» **WHAT THIS TASK INVOLVES**: Leave out the pictures, and quote exactly the lines running from the one with "Automatic washbasin taps" through the last line of the entries below.

Items listed in a dataset
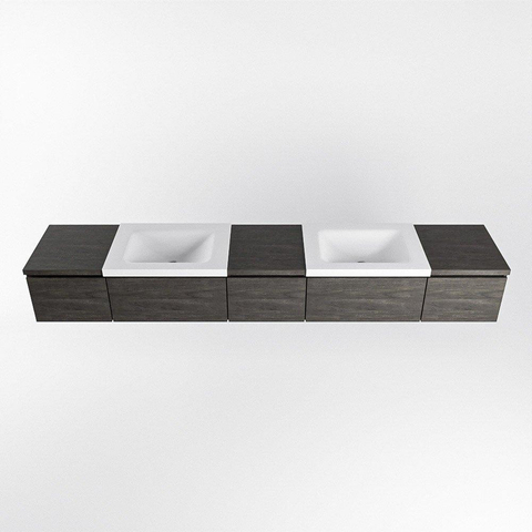 MONDIAZ BUKLA 240cm ensemble de meuble avec module 40 couleur Marron Foncé avec 5 tiroirs. Lavabo CLOUD double 0 trou de robinet couleur Talc.
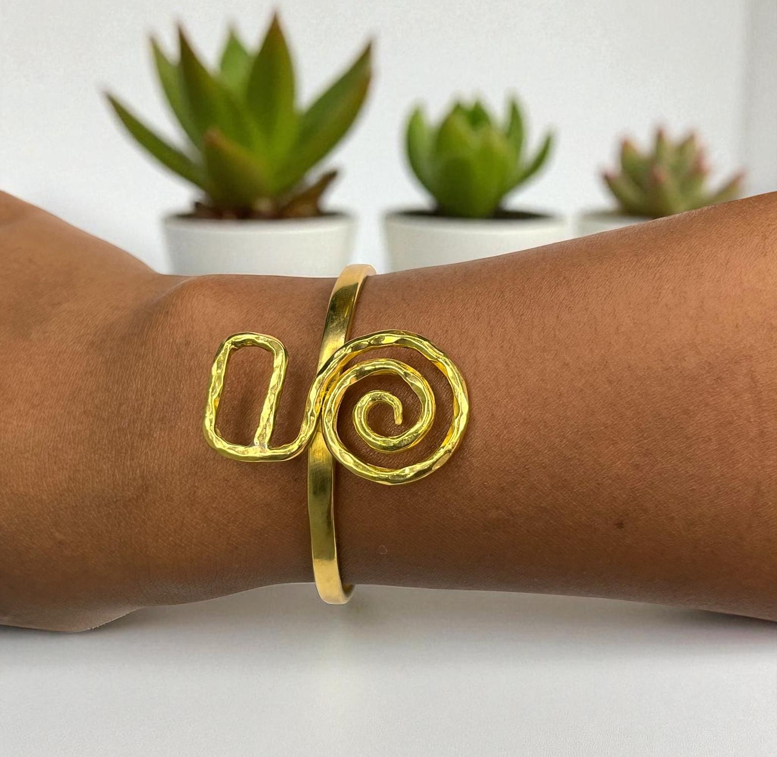 A brass bracelet inspired by Faith (Swahili).
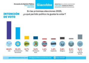 Pese a este contexto, La Libertad Avanza sigue encabezando la intención de voto a nivel nacional con un 40,2%, según la encuesta. Le siguen el kirchnerismo con un 31,3% y el PRO, como fuerza separada, con un 6,7%.
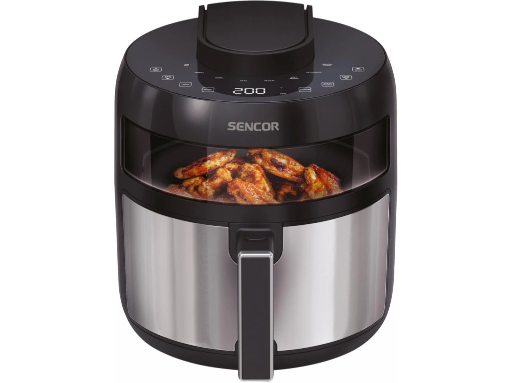 horkovzdušná fritéza • příkon 1 500 W • objem 5 l • 8 programů • rychlé nahřátí • nastavení teploty mezi 80–200 °C • nepřilnavý povrch nádoby • LED displej • časovač • hmotnost 4,25 kg
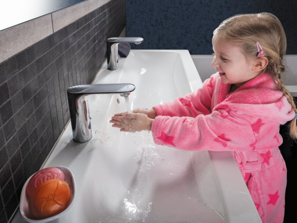 Automatic washbasin taps with soap dispenser is an ideal pair for non-contact hygiene.
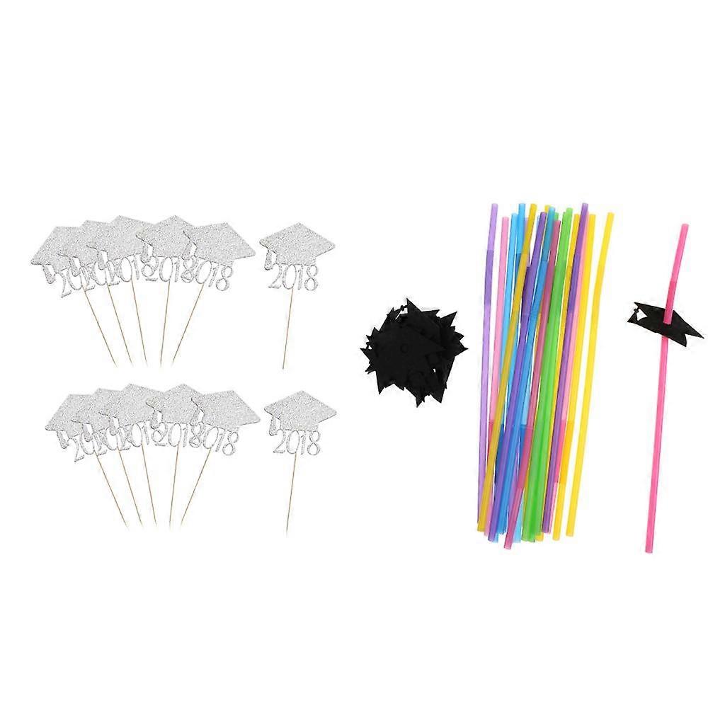 40pcs Set Graduation Party Cupcake Toppers and Grad Drinking Straws Decor
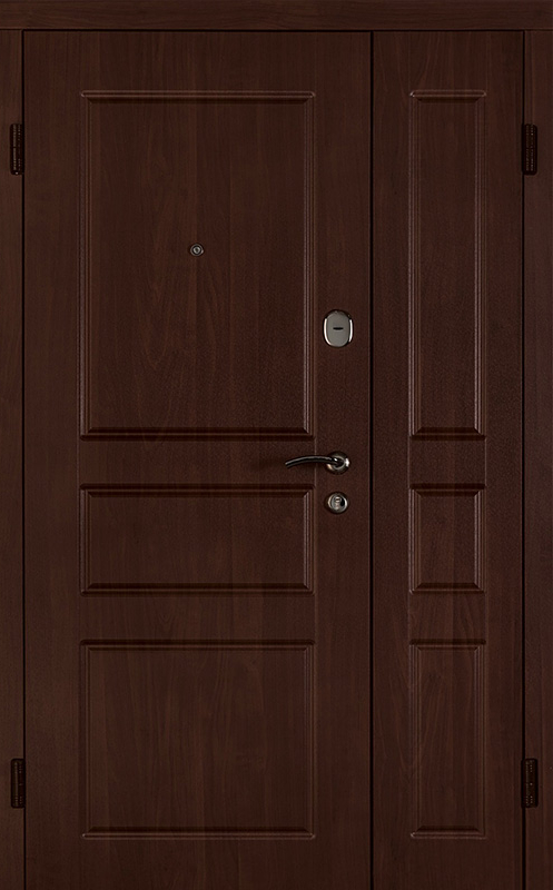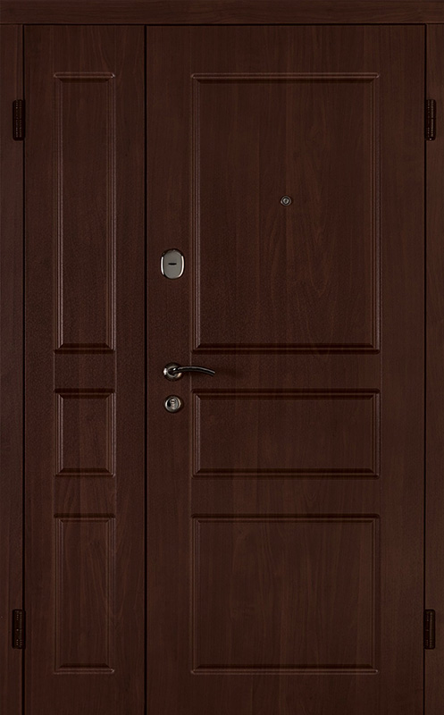Коричневая входная полуторная дверь с филенчатой створкой №4 – это надежное и стильное решение для вашего дома или офиса. Внешняя и внутренняя отделка из МДФ с ПВХ обеспечивает долговечность и устойчивость к повреждениям, сохраняя при этом элегантный внешний вид. Прочные материалы конструкции, такие как профильная труба 50х25 мм и лист металла толщиной 2 мм, гарантируют стабильность и безопасность. Ребра жесткости из профильных труб 40х25 мм усиливают дверное полотно, а уплотнение с двумя контурами надежно защищает от внешних факторов. Несмотря на отсутствие терморазрыва, в двери реализованы терморазрывы в коробке и полотне, что помогает улучшить теплоизоляцию. Возможность выбора дополнительных опций, таких как шумоизоляция, делает эту дверь универсальной для различных условий эксплуатации. Коричневая входная полуторная дверь с филенчатой створкой №4 от производителя: быстрое изготовление и монтаж в Туле, индивидуальные размеры, широкий выбор материалов и фурнитуры, официальная гарантия до 10 лет.
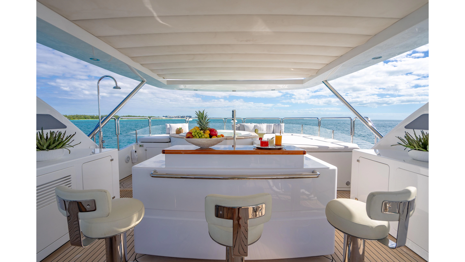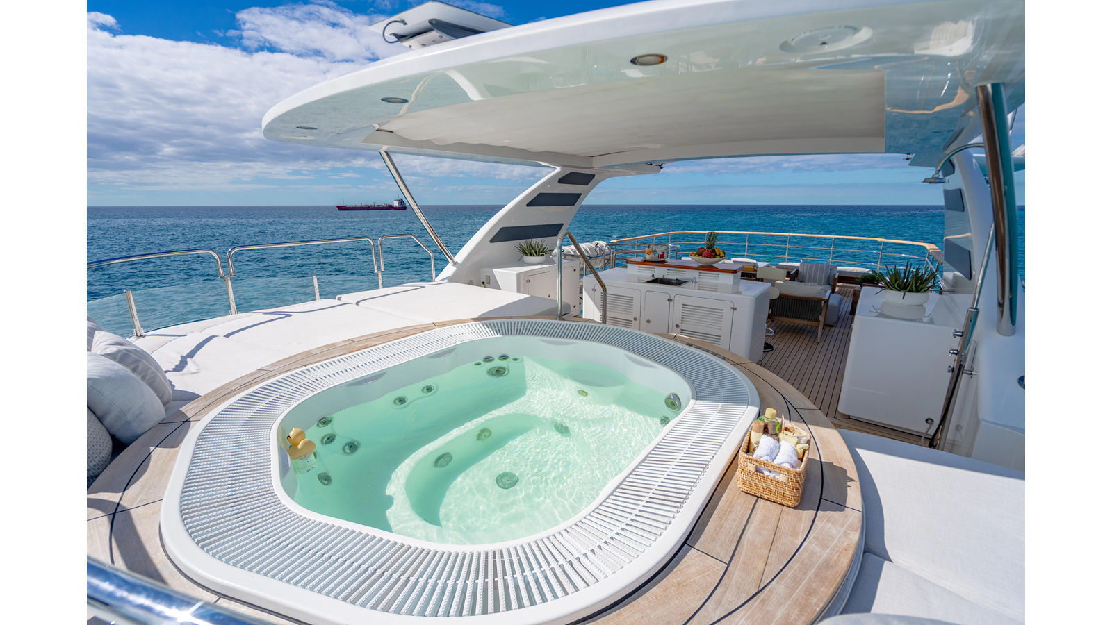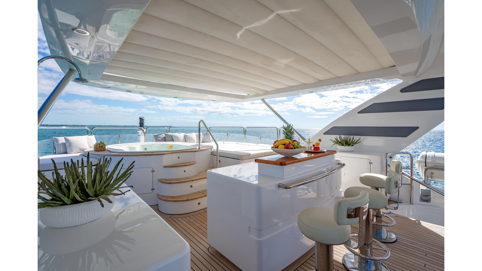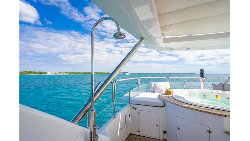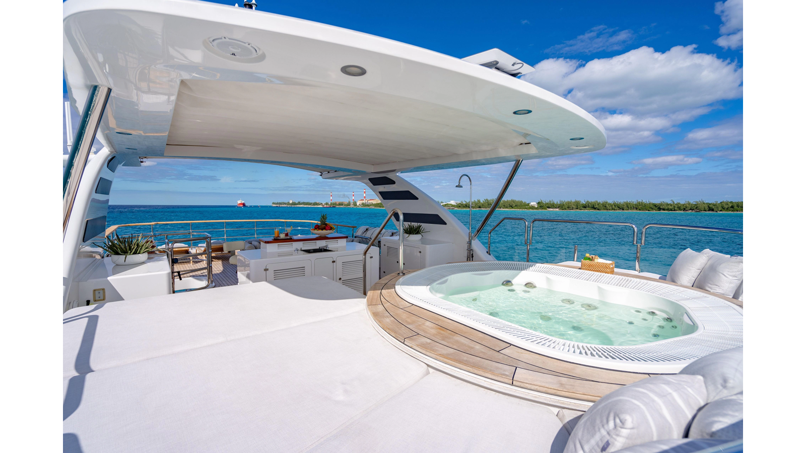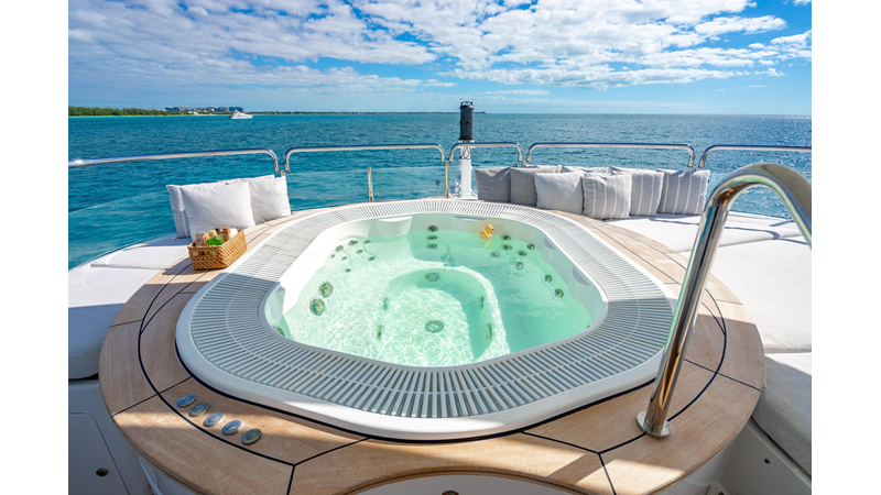 Factory upgrades include a custom dinette in the galley (which could be redesigned for additional space if desired) and a custom hardtop with a removable shade in the aft section, allowing for both shade or sun, along with an opening roof over the bar and Jacuzzi.
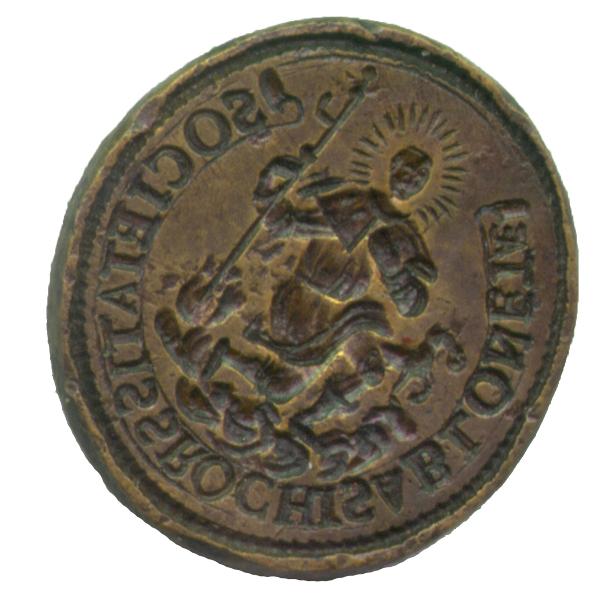 Dritto: San Rocco viandante con mantello, bastone e cane ai piedi. Rovescio:

» **RESPONSE AREA**:
 Automatic washbasin taps with soap dispenser is an ideal pair for non-contact hygiene.
 40pcs Set Graduation Party Cupcake Toppers and Grad Drinking Straws Decor
Коричневая входная полуторная дверь с филенчатой створкой №4 – это надежное и стильное решение для вашего дома или офиса. Внешняя и внутренняя отделка из МДФ с ПВХ обеспечивает долговечность и устойчивость к повреждениям, сохраняя при этом элегантный внешний вид. Прочные материалы конструкции, такие как профильная труба 50х25 мм и лист металла толщиной 2 мм, гарантируют стабильность и безопасность. Ребра жесткости из профильных труб 40х25 мм усиливают дверное полотно, а уплотнение с двумя контурами надежно защищает от внешних факторов. Несмотря на отсутствие терморазрыва, в двери реализованы терморазрывы в коробке и полотне, что помогает улучшить теплоизоляцию. Возможность выбора дополнительных опций, таких как шумоизоляция, делает эту дверь универсальной для различных условий эксплуатации. Коричневая входная полуторная дверь с филенчатой створкой №4 от производителя: быстрое изготовление и монтаж в Туле, индивидуальные размеры, широкий выбор материалов и фурнитуры, официальная гарантия до 10 лет.
 Factory upgrades include a custom dinette in the galley (which could be redesigned for additional space if desired) and a custom hardtop with a removable shade in the aft section, allowing for both shade or sun, along with an opening roof over the bar and Jacuzzi.
 Dritto: San Rocco viandante con mantello, bastone e cane ai piedi. Rovescio:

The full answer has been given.